During the initial analysis, individual ORFs were designated ‘dubious’ if they met the following criteria: (a) the ORF was identified as potentially spurious by at least one of the comparative studies above; (b) there were no well-controlled, small-scale, published experiments demonstrating that detectable mRNA or protein was produced from this ORF; (c) any mutant phenotype described for the ORF could be ascribed to mutation of an overlapping gene; and (d) the ORF did not contain an intron. The last condition was necessary because none of the three groups annotated introns in the related fungal species, and comparison of ‘spliced’ S. cerevisiae ORFs with exon fragments in other species could result in the artificial appearance of non-conservation. The majority of the ORFs identified as spurious by Brachat et al. (2003), Cliften et al. (2003) and Kellis et al. (2003) met these four criteria and were assigned a ‘dubious’ designation by SGD. For a small number of ORFs in this group, SGD curators found evidence suggesting that they represented functional genes. For example, all three groups recommended that AUA1 /YFL010W-A is not a protein-encoding ORF because it is not conserved, and has substantial overlap with a characterized gene, WWM1 /YFL010C. However, the transcription and mutant phenotype of AUA1 have been characterized (Sophianopoulou and Diallinas, 1993) and were not easily attributed to WWM1.
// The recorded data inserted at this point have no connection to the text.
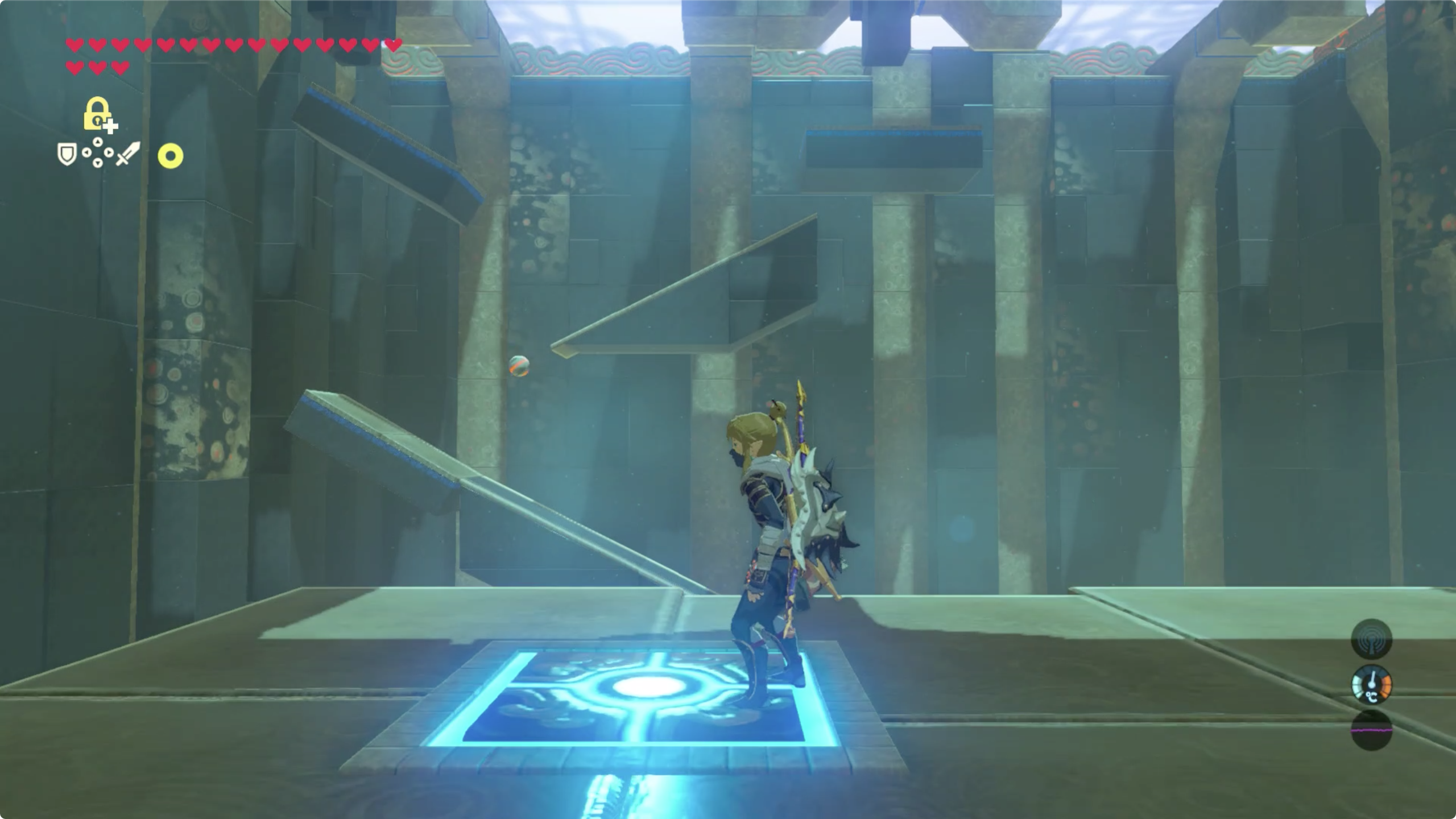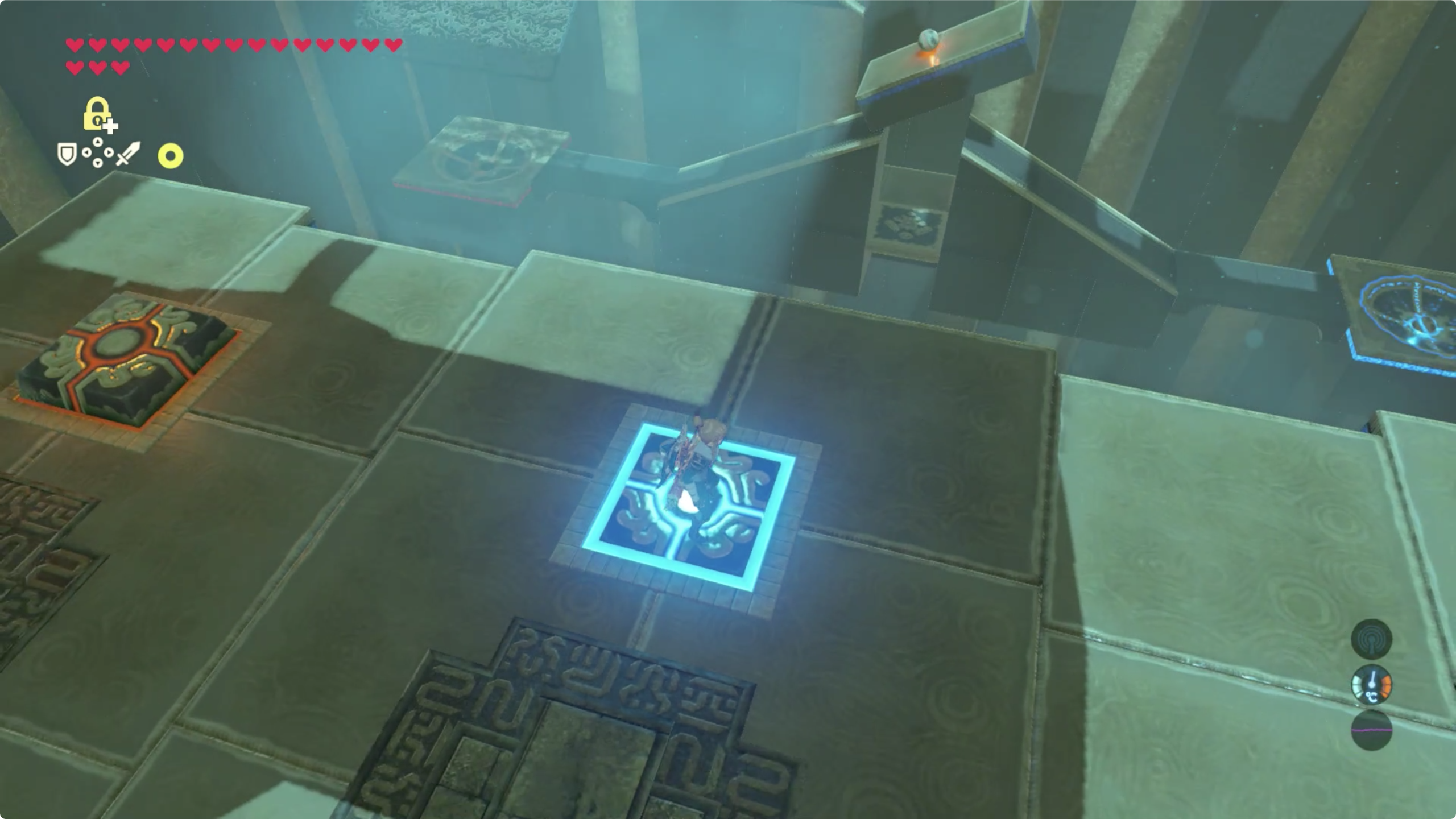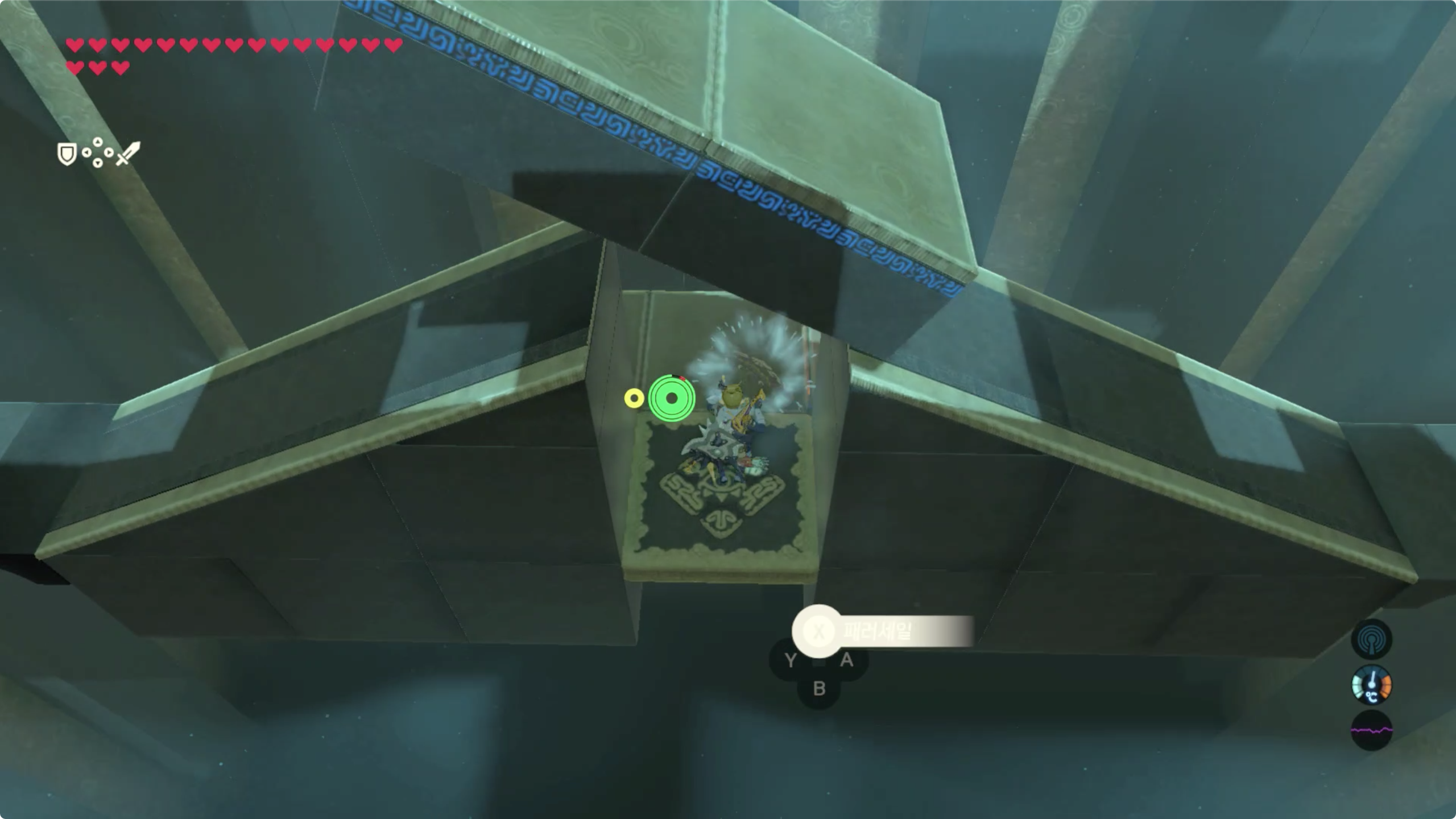 마지막으로 건너편에 보이는 벽의 사이로 패러세일을 이용해 들어가면 보물 상자가 있으며, 돌아오는건 반대쪽 스위치를 밟으면 발판이 움직여 입구까지 데려다 준다.
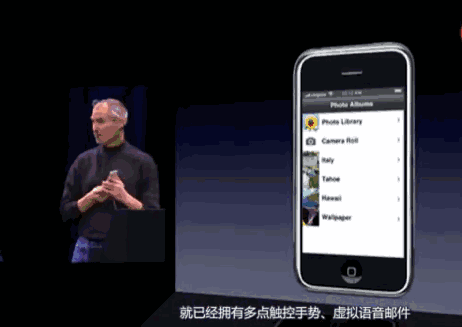 2007 年 1 月,乔帮主推出第一台 iPhone 手机,用以替补逐渐卖不出去的 iPod(乔布斯把 iPhone 比作一部电话 + 一部 iPod + 一个上网设备 = 第一代 iPhone。)。
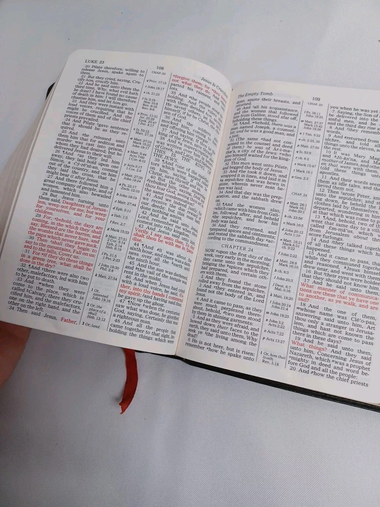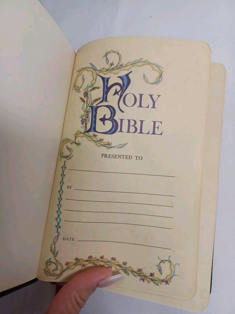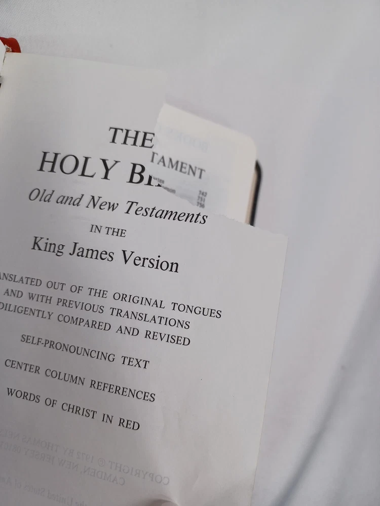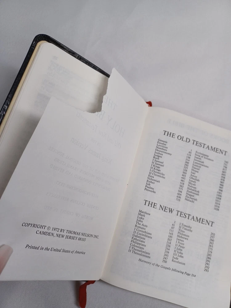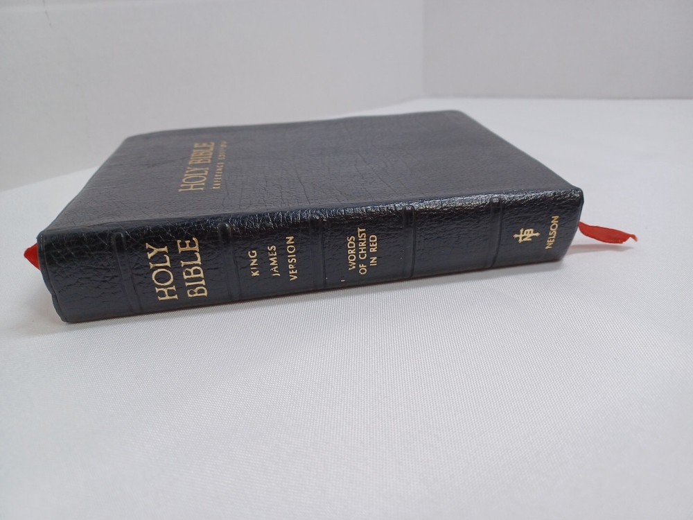 Holy Bible Reference Edition KJV Nelson Black Leather Words Of Christ In Red" ****Please note the title page has a torn corner. And some pages also torn out from the back concordance. Please see the pictures**** price has been adjusted accordingly for this.
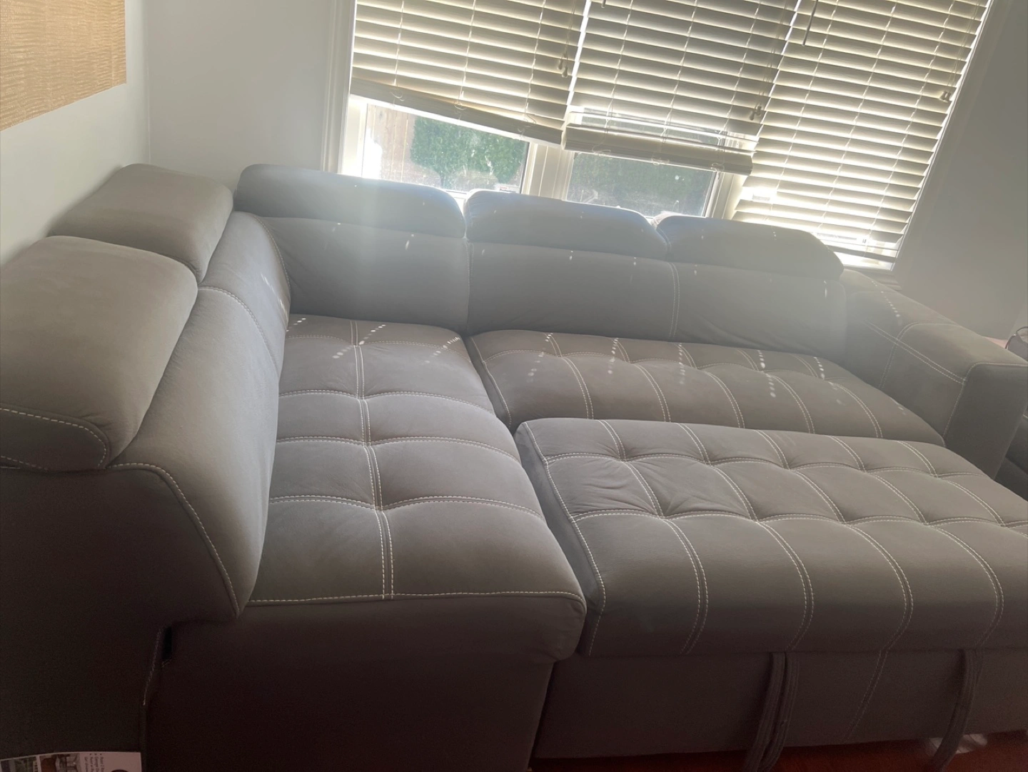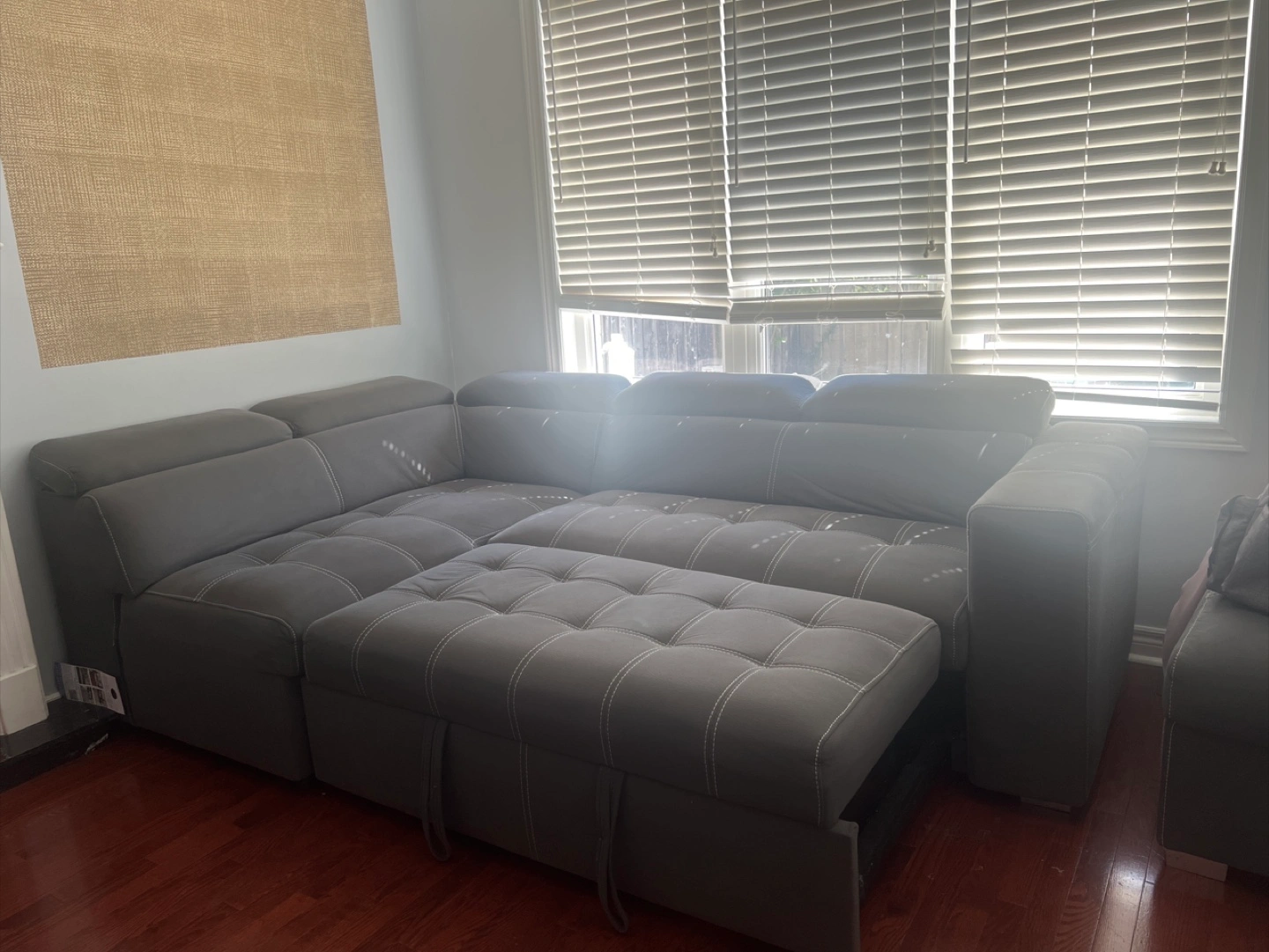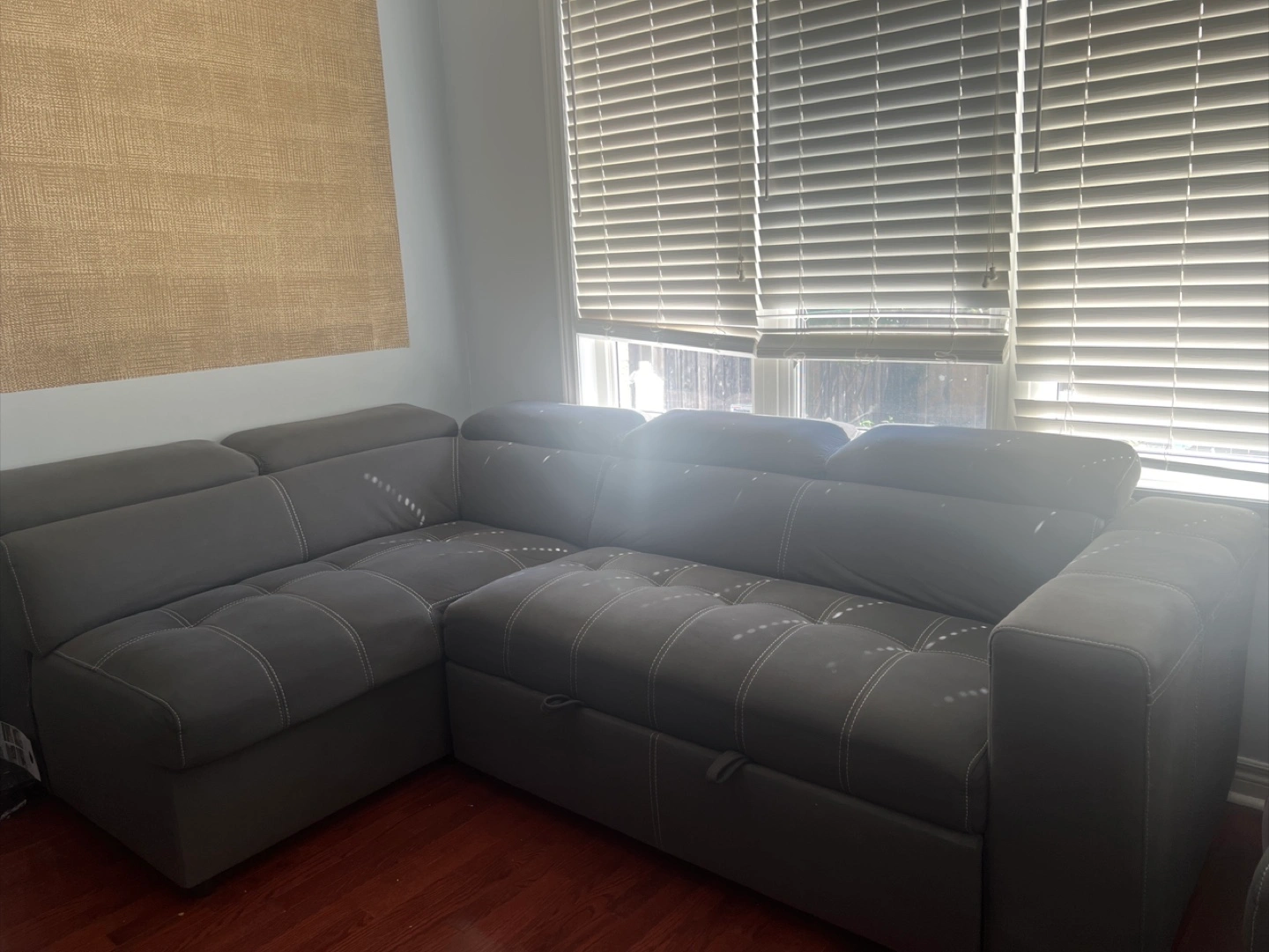 Spacious sectional sofa in a neutral gray color. Comes with an ottoman .Featuring detailed stitching. Perfect for relaxing after a long day. I always covered with sheet for making stainless. Sofa-cum-bed and ottoman have storage. -Good asset for living room -Extremely comfortable. -Ottoman have storage space -Every sitting space has head rest available. -Superior quality fabric used. -Purchased 2 years back for 2100$ Now selling it very low . Negotiations allowed. Moving shortly, should go asap Serious Buyers contact
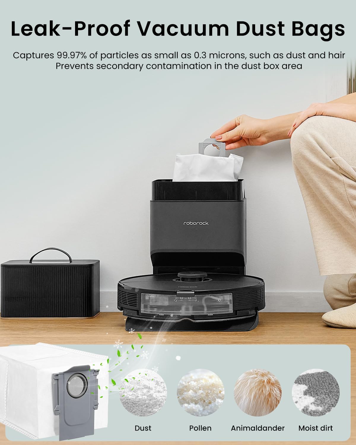 ✅Excellent Performance: Rrochio Accessories Kit for Roborock Q Revo replacement parts feature materials for exceptional performance. Rubber main brush remove stains like hidden debris in carpets, including pet hair while protecting floors. The vacuum dust bag fits snugly, preventing leaks. High-absorbency cloths guard against water damage. Soft side brushes tackle dust in tight spaces. The filter eliminates 99.97% of particles as small as 0.3 microns.
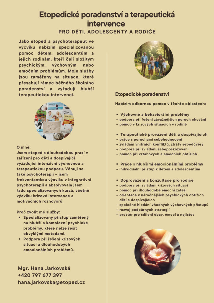 Nabídka – Etopedické poradenství a terapeutická intervence

At the same time that SGD began labelling spurious ORFs ‘dubious’, we also implemented a further classification of conserved ORFs, according to the certainty that they actually encode proteins. ORFs that contained an intron, or that were identified as conserved by all three of the large-scale comparative studies, were designated either ‘uncharacterized’ or ‘verified’, depending on available experimental evidence. Because the S. cerevisiae nomenclature system allows yeast ORFs to be assigned a genetic name only after being described in a publication, named ORFs were automatically classified as ‘verified’. Unnamed ORFs were designated ‘uncharacterized’ unless there were published data supporting a ‘verified’ classification, such as mRNA or protein detection, or a mutant phenotype not ascribable to an overlapping gene.
Unfortunately, the comparative analyses done by Brachat et al. (2003), Cliften et al. (2003) and Kellis et al. (2003) were concurrent with many of the other large-scale analyses that identified new small ORFs. As a consequence, most of these new ORFs have not yet been assessed for conservation in closely related species. In addition, many of the new ORFs overlap with other genes, making analysis of conservation problematic. When clear evidence for conservation was not available, new ORFs that overlapped existing ORFs were assigned ‘dubious’ designations, while all others were classified as ‘uncharacterized’.
Thus, all S. cerevisiae ORFs are now categorized into one of three groups: ‘dubious’, referring to those ORFs that are unlikely to encode a protein; ‘uncharacterized’, those that are likely, but not yet fully established, to encode a protein; and ‘verified’, those for which there is clear experimental evidence for the presence of a protein-encoding gene. It should be noted that these ORF classifications are not static properties and are expected to change as new data become available for each ORF. In the almost 3 years since the original analysis, the classifications of 299 ORFs have been updated; 90% of these changes have been from ‘uncharacterized’ to ‘verified’. Very few ‘dubious’ ORFs (19 of 832 nuclear ORFs) have been reclassified as either ‘uncharacterized’ or ‘verified’. Experimental evidence supporting the validity of these classifications is beginning to accumulate. For example, Raisner et al. (2006) reported that the variant histone protein H2A.Z is associated with the 5′ ends of ‘verified’ and ‘uncharacterized’ ORFs, but not with the 5′ ends of silenced genes or ‘dubious’ ORFs.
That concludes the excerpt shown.